Case Report: Systemic Treatment and Serial Genomic Sequencing of Metastatic Prostate Adenocarcinoma Progressing to Small Cell Carcinoma

Small cell carcinoma (SCC)/neuroendocrine prostate cancer (NEPC) is a rare and highly aggressive subtype of prostate cancer associated with an AR(androgen receptor)-null phenotype and visceral metastases. This study presents a 44-year-old man originally diagnosed with metastatic hormone-sensitive prostatic adenocarcinoma. After 6-month androgen deprivation therapy (ADT) combined with docetaxel, the patient developed paraplegia. Laminectomy was performed, and a thoracic vertebral biopsy revealed neuroendocrine differentiation and mixed adenocarcinoma. The patient developed liver metastases and experienced stable disease for 4 months following etoposide combined with cisplatin and pembrolizumab. Seminal vesicle biopsy after chemotherapy revealed small-cell cancer. The prostate biopsy specimen also indicated pure SCC. We witnessed the dynamic evolution from pure adenocarcinoma to fully differentiated SCC, leading to obstruction and death.
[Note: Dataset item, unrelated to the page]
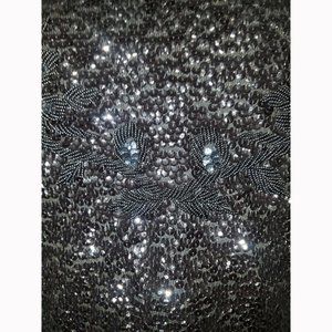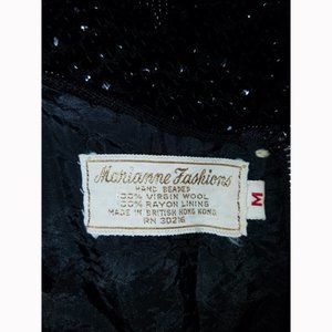 Vtg 60s Black Wool Sequined Hand Beaded Top M

In addition, whole-exome sequencing was performed on both biopsy specimens of the thoracic vertebra at the beginning of castration resistance and that of seminal vesicle after multiple lines of treatment failure. Utilizing phylogenetic reconstruction, we observed that both samples shared a common ancestor clone harboring aberrations in the TP53, RB1, and NF2 genes. We also discovered that driver events in the private subclones of both samples, such as alterations in CDC27 and RUNX1, might have played a significant role in tumor progression or even neuroendocrine differentiation. Tumor biopsy and IHC assessment must be repeated at different stages of progression, because of intrapatient spatial and temporal heterogeneity of adenocarcinoma versus SCC/NEPC. Although, typical treatments including ADT, docetaxel, etoposide, cisplatin, and pembrolizumab provided temporary response, the patient still had a poor prognosis.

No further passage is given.